(Stored data entries)
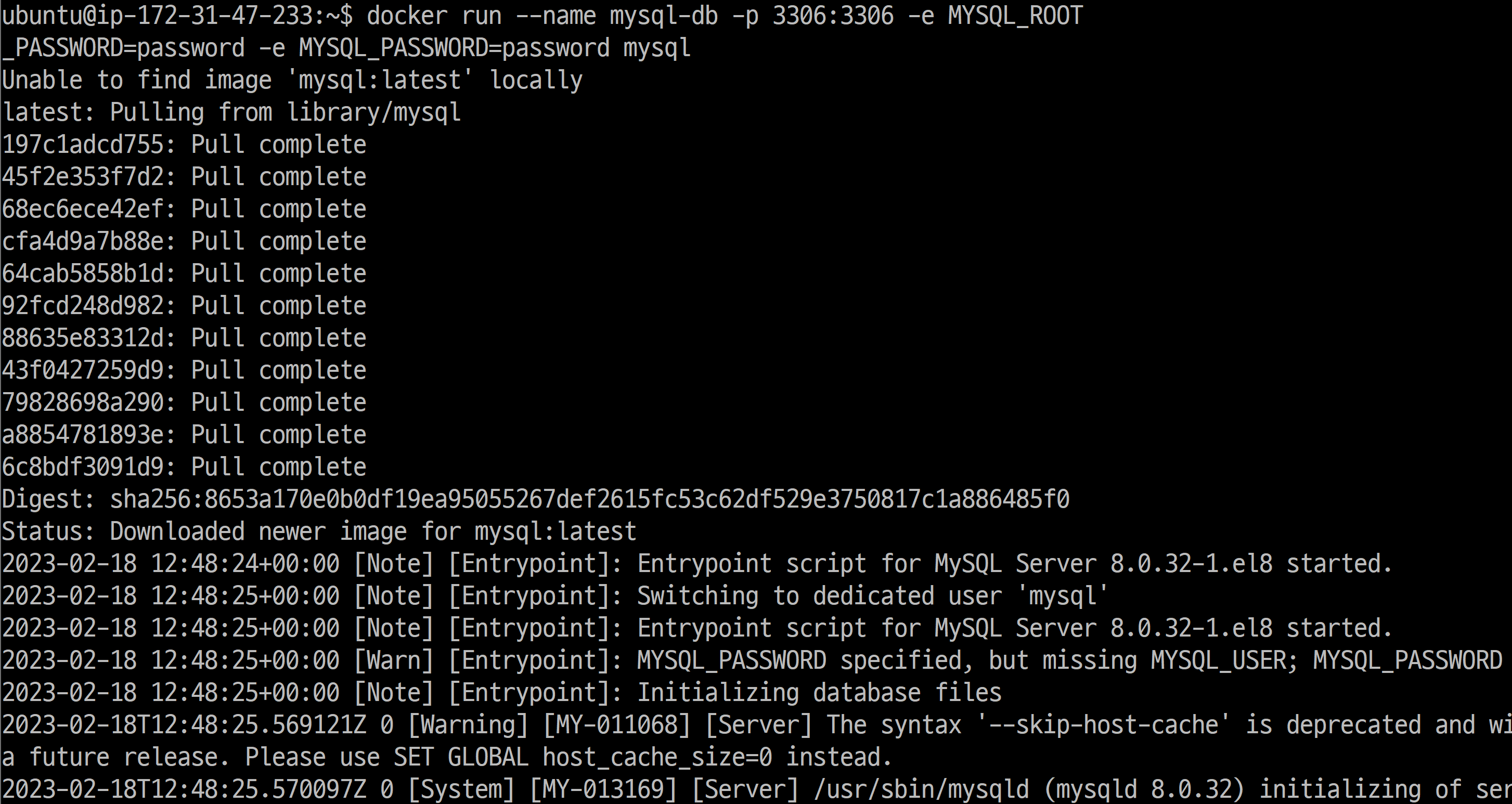 docker run --name mysql-db -p 3306:3306 -e MYSQL_ROOT_PASSWORD=password -e MYSQL_PASSWORD=password mysql
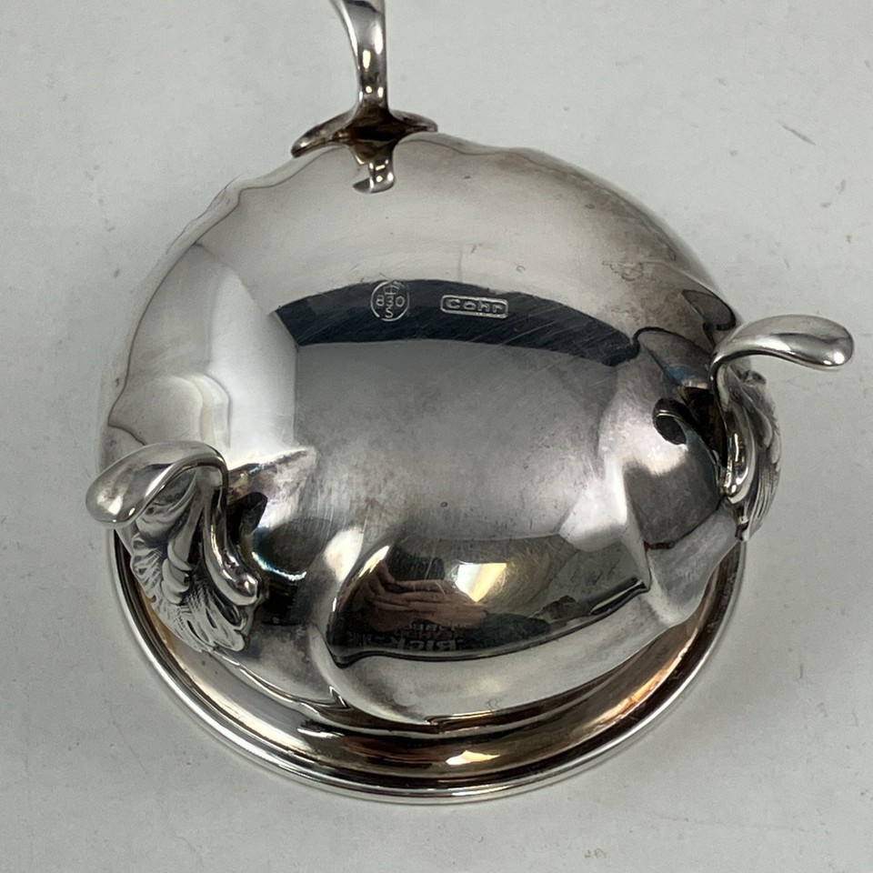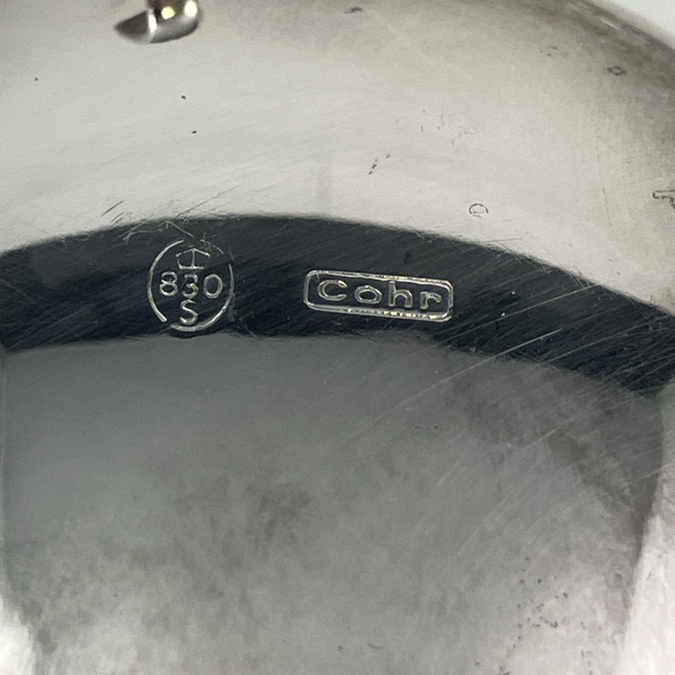 This 830S Silver Carl M Cohr Denmark Salt Cellar with Glass Liner is a rare and stylish piece of silverware originating from Denmark. This footed salt cellar features a sleek Art Deco design typical of Scandinavian craftsmanship from the early 20th century. Made of high-quality silver and accented with a glass liner, this piece not only serves its practical purpose but also adds a touch of sophistication to any dining table or collection of antiques.
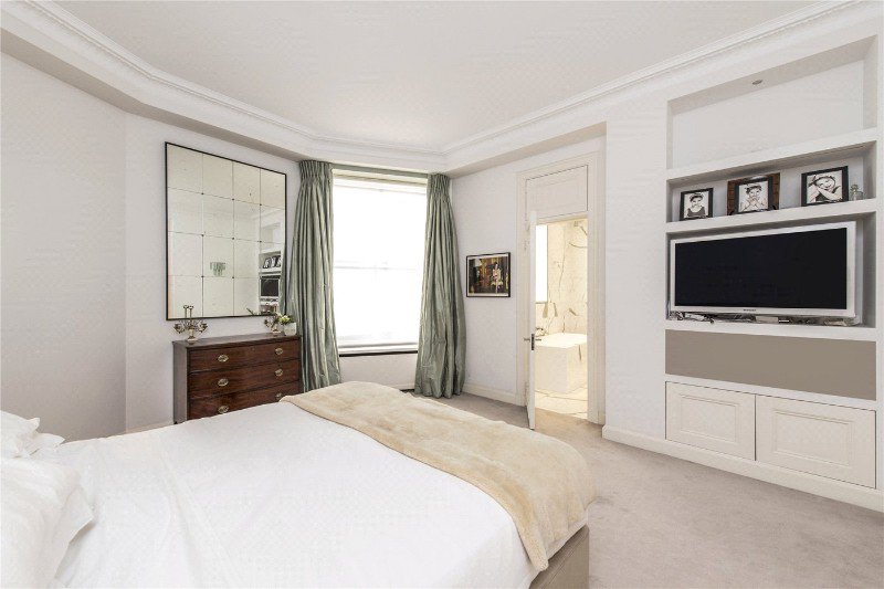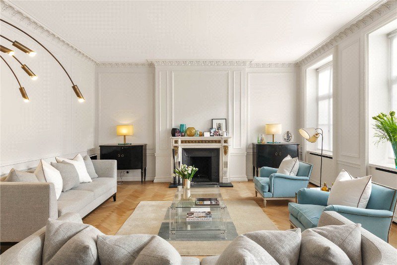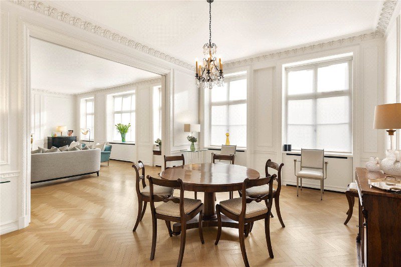 There are two generously sized bedrooms, with the principal bedroom benefitting from an en-suite marble bathroom and his and her walk in dressing areas. The second bedroom is also well proportioned and flexible in use. The apartment is presented in neutral tones throughout and retains a number of original period features, complemented by quality finishes and hardwood flooring.
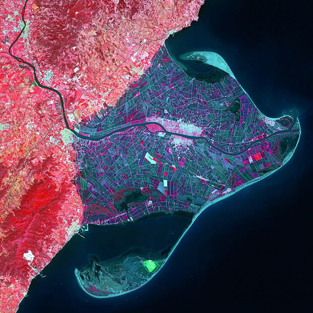 Châu thổ sông Ebro, Tây Ban Nha: Ebro là con sông dài hơn 900km ở Tây Ban Nha, đổ ra Địa Trung hải và tạo thành một vùng châu thổ sông Ebro. Phù sa phong phú và hệ thống kênh rạch nơi đây dùng để tưới tiêu cho các đồng ruộng lúa với sản phẩm là loại gạo hạt tròn rất nổi tiếng (bomba rice).
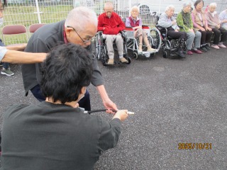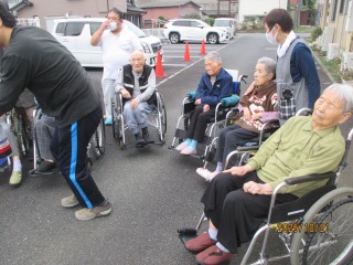 初めて参加するスタッフと一緒に利用者様と外へと出ました。
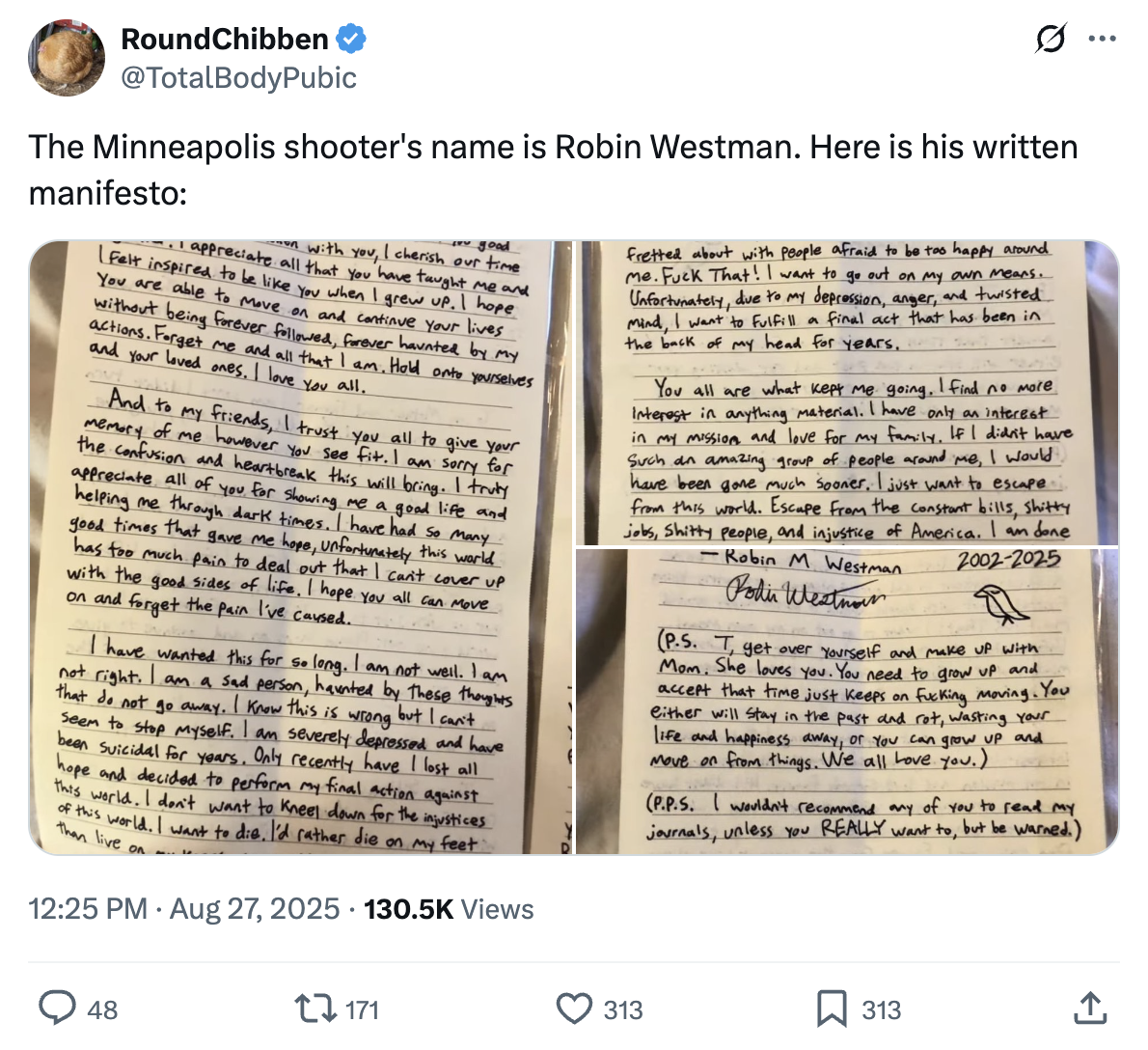 Robin Westman, the alleged transgender individual implicated by unconfirmed online reports in Wednesday’s shooting of a Catholic church in Minneapolis, appears to have made social media posts in his final days that suggest he was targeting churchgoers out of a hatred for their faith.

What is being asked :: Write out, exactly as they stand, the line with "初めて参加するスタッフと一緒に利用者様と外へと出ました。" and every line after it through the end of the entries above; omit the pictures.

Exercise output ::
 初めて参加するスタッフと一緒に利用者様と外へと出ました。
 Robin Westman, the alleged transgender individual implicated by unconfirmed online reports in Wednesday’s shooting of a Catholic church in Minneapolis, appears to have made social media posts in his final days that suggest he was targeting churchgoers out of a hatred for their faith.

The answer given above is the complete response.